▸ YOUR TASK
Leave out any picture and return the remaining listing below exactly as given.

▸ SUPPLIED DATA
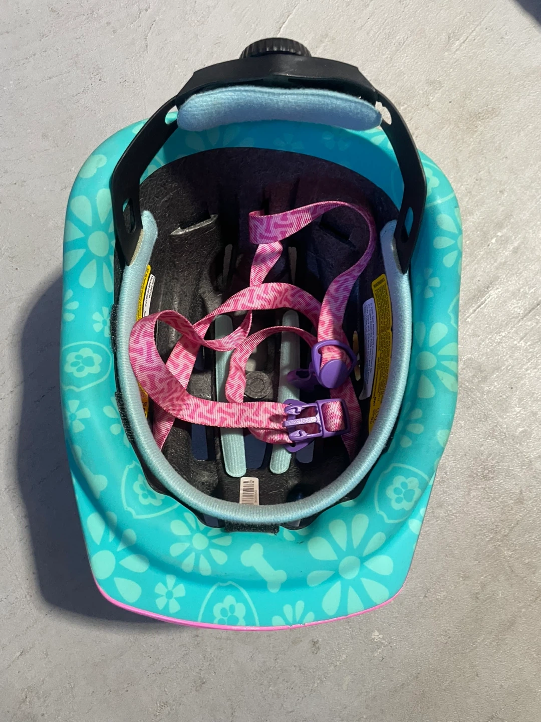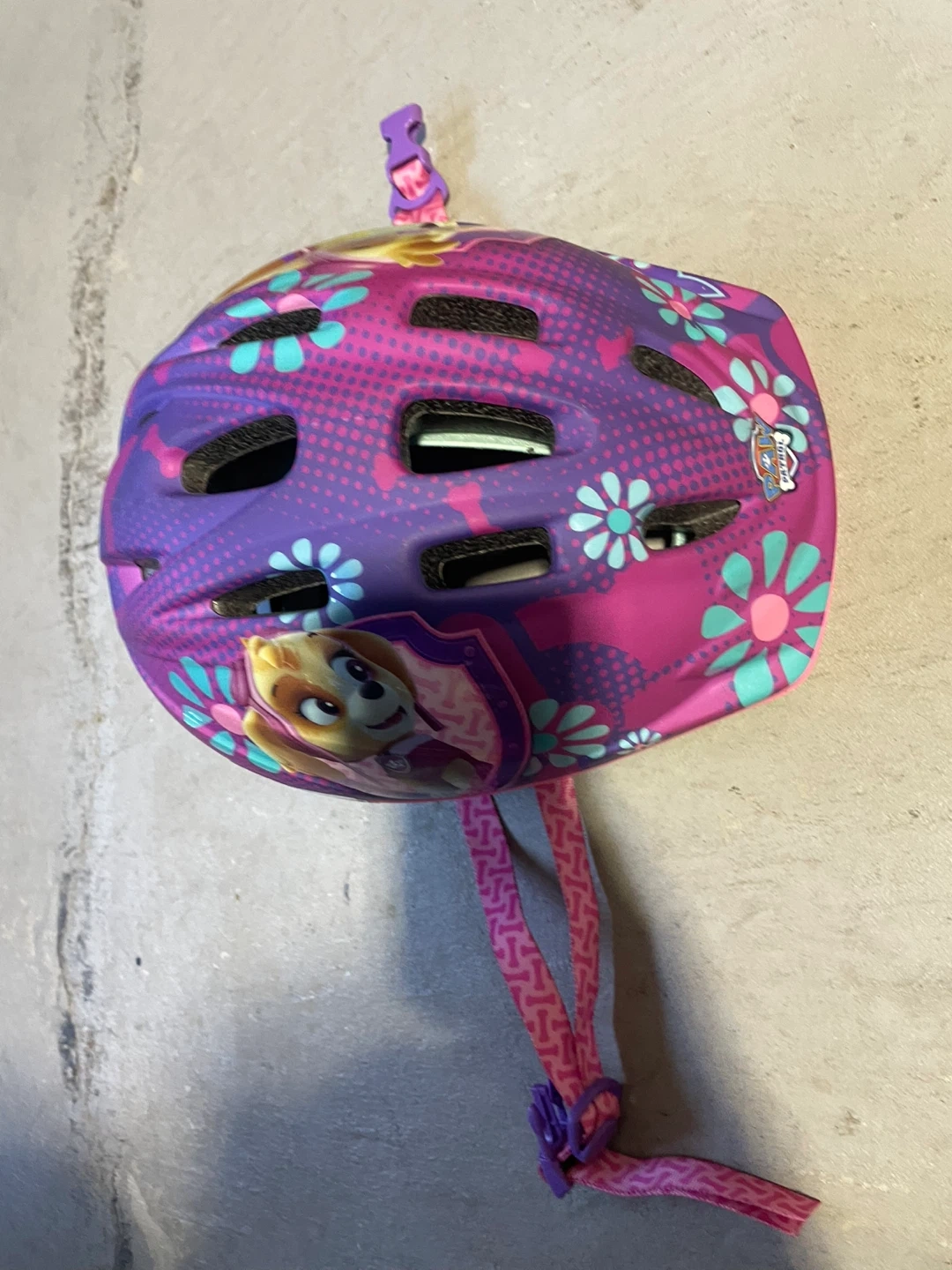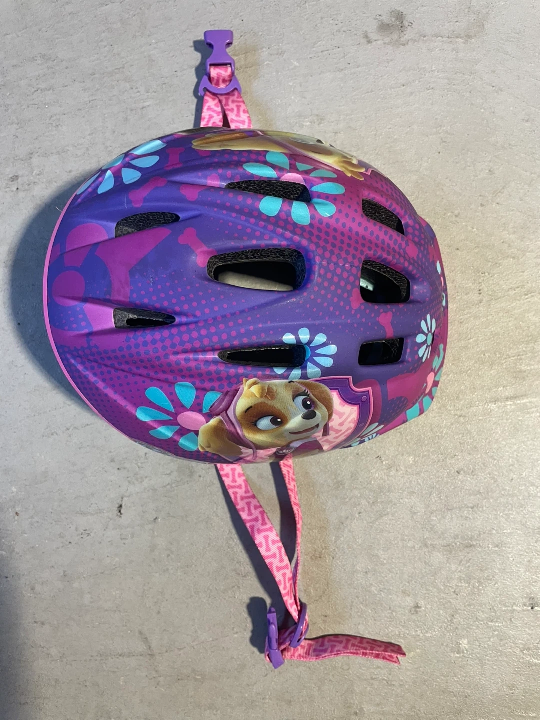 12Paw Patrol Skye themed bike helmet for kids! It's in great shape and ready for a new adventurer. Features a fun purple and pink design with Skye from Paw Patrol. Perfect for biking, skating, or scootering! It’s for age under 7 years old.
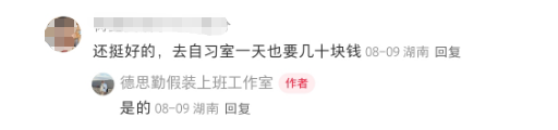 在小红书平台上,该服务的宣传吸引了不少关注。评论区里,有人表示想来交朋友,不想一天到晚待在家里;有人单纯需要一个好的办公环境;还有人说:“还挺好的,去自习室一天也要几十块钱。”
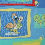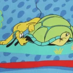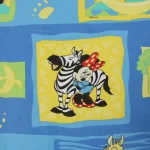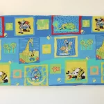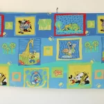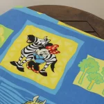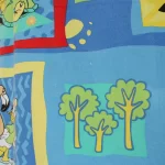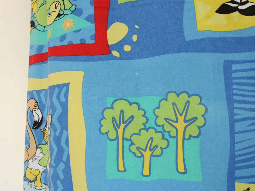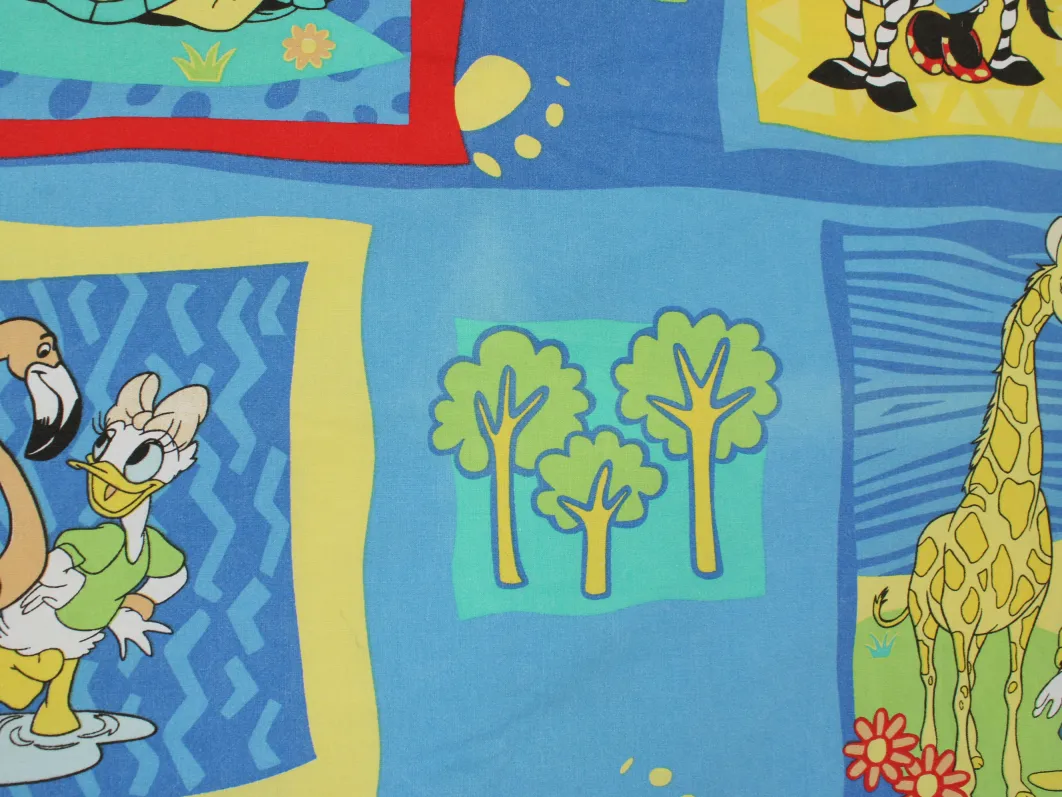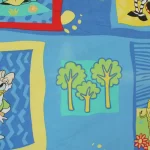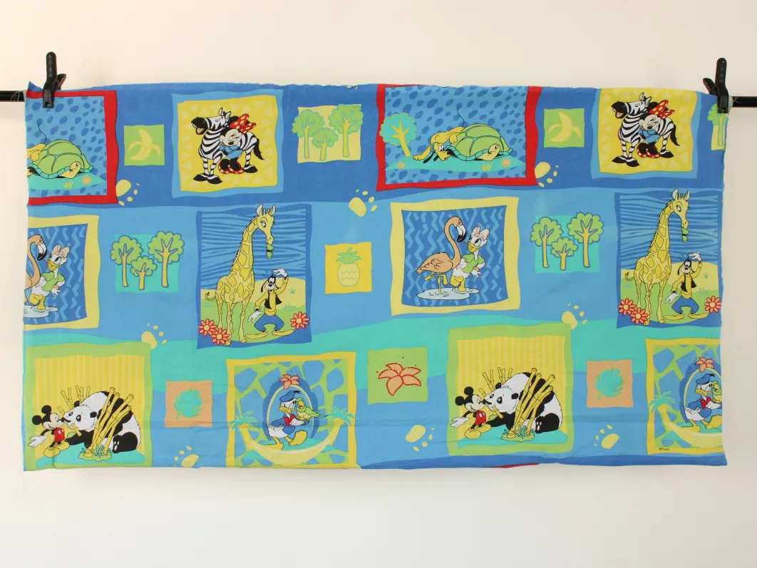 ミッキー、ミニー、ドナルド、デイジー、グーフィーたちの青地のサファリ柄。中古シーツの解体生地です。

▸ SOLUTION TO THE PROBLEM
 12Paw Patrol Skye themed bike helmet for kids! It's in great shape and ready for a new adventurer. Features a fun purple and pink design with Skye from Paw Patrol. Perfect for biking, skating, or scootering! It’s for age under 7 years old.
 在小红书平台上,该服务的宣传吸引了不少关注。评论区里,有人表示想来交朋友,不想一天到晚待在家里;有人单纯需要一个好的办公环境;还有人说:“还挺好的,去自习室一天也要几十块钱。”
 ミッキー、ミニー、ドナルド、デイジー、グーフィーたちの青地のサファリ柄。中古シーツの解体生地です。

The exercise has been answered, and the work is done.